The types of coating apparatus already known are ones in which a slotted nozzle device is used to provide a material web, which passes over a counterpressure roll and is for example made of paper, plastic, woven fabric material, metal foil or a combination of these materials, on one side with a layer of coating material, such as hot melts, high-viscosity adhesives, paraffins and microcrystalline waxes or the like. The coating material, having emerged from a nozzle slot formed between a stationary incoming nozzle lip and a trailing nozzle lip of the slotted nozzle device, is applied directly to the surface of the continuous material web via a doctor bar formed in the trailing nozzle lip, with the material web being supported on a revolving support face during application.
An apparatus of the above class with a slotted nozzle device for applying a thin layer of coating material onto a material web passing over a counterpressure roll is known from the Applicant's patent DE-C-31 00 101; a doctor bar that can be rotated within a doctor support is formed in the trailing nozzle lip of this apparatus. The doctor bar is pressed into the doctor support by an adjusting device's resilient means for the purpose of sensitively adjusting the distance from the counterpressure roll along the width of the material web to be coated. In this way a predetermined, even thickness of the layer of coating material can always be applied to an impervious material web across the width of the web.

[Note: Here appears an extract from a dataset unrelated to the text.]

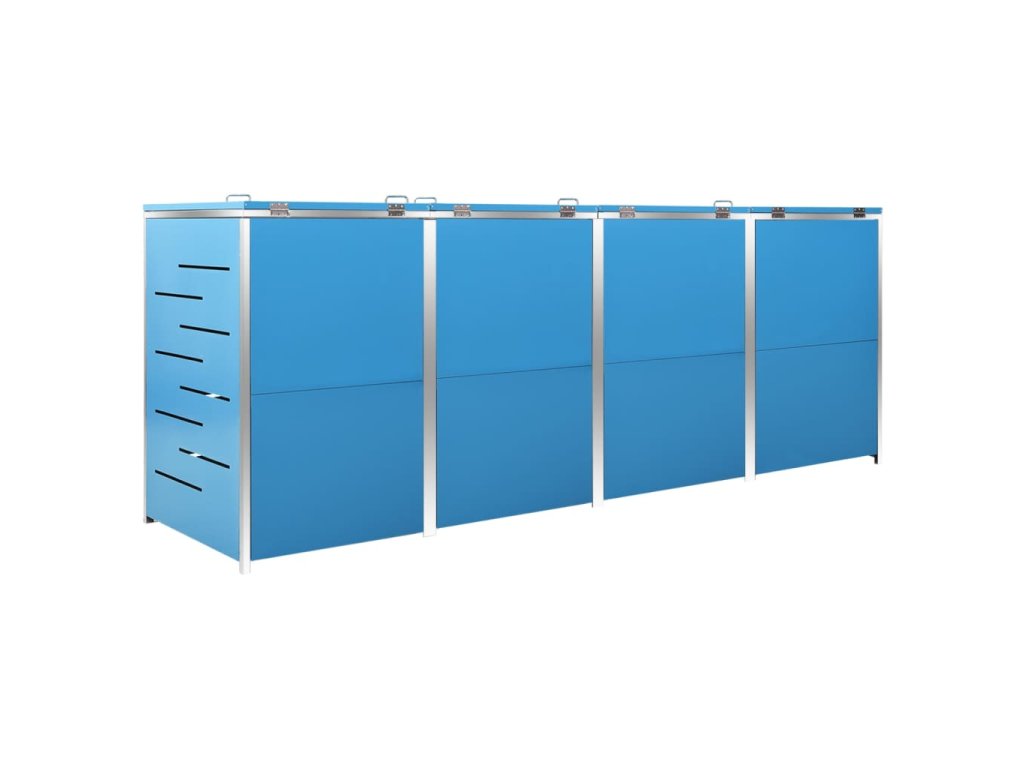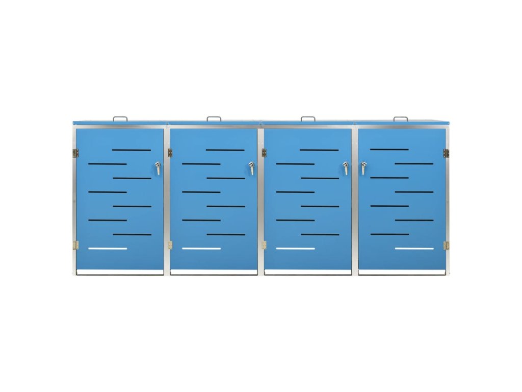 Tento přístřešek na popelnice je vyroben z pozinkovaného ocelového panelu a rámu z nerezové oceli, takže je mimořádně robustní a odolný proti korozi. Dutá konstrukce umožňuje cirkulaci vzduchu a zabraňuje, aby v popelnicích vznikal nepříjemný zápach. Uzamykací systém zároveň zajišťuje bezpečné uložení odpadků. Praktické víko a pružiny navíc usnadňují vkládání a vyjímání popelnic.
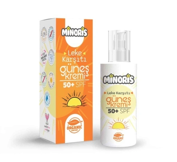 Minoris Leke Eğilimli Ciltlere Özel Güneş Kremi 50 SPF+, Minoris Organik Kimya laboratuvarlarında doğal mineraller ve organik bitkilerin birlikte kullanılması ile ileri teknoloji kullanılarak geliştirilmiştir. İçeriğindeki Organik Aloevera ve Papatya ve E vitamini içeren yüksek etkili 50 SPF+ güneş kremi, UVA ve UVB koruma sağlar. Leke eğilimli ve hassas ciltler için kullanımı idealdir. Cildinizi güneş yanıkları, cilt lekeleri ve erken cilt yaşlanması gibi güneşin zararlı etkilerine karşı korumanıza yardımcı olur. Cilde nem kazandırarak sağlıklı bir bronzluk sağlamada yardımcı rol oynar. Yapışkan his bırakmaz.

Due to the geometrical conditions of this apparatus, however, it is difficult to use the existing adjusting device to vary with sufficient sensitivity a pressure that acts upon the coating material substance between the doctor bar and material web or counterpressure roll during continuous operation. The penetration depth of a substance to be applied to a porous material web cannot, as a result, be flexibly metered. The counterpressure roll's convexity--by interacting with the doctor bar's curvature which makes contact therewith--causes a spontaneous rise in the pressure that acts upon the coating material substance between the counterpressure roll and doctor bar, producing a considerable component of compressive force directed against the material web. If porous material webs are used, the coating material therefore almost completely penetrates into the material web. Although the value of the component of compressive force against the material web can be reduced by using the existing adjusting device to increase the gap between the doctor bar and counterpressure roll, the coating material's penetration depth is also decreased. Such an adjustment of the gap between the doctor bar and counterpressure roll is, moreover, so critical that the pressure across the width of the web collapses to an extent, thus resulting in uncoated sections on the material web.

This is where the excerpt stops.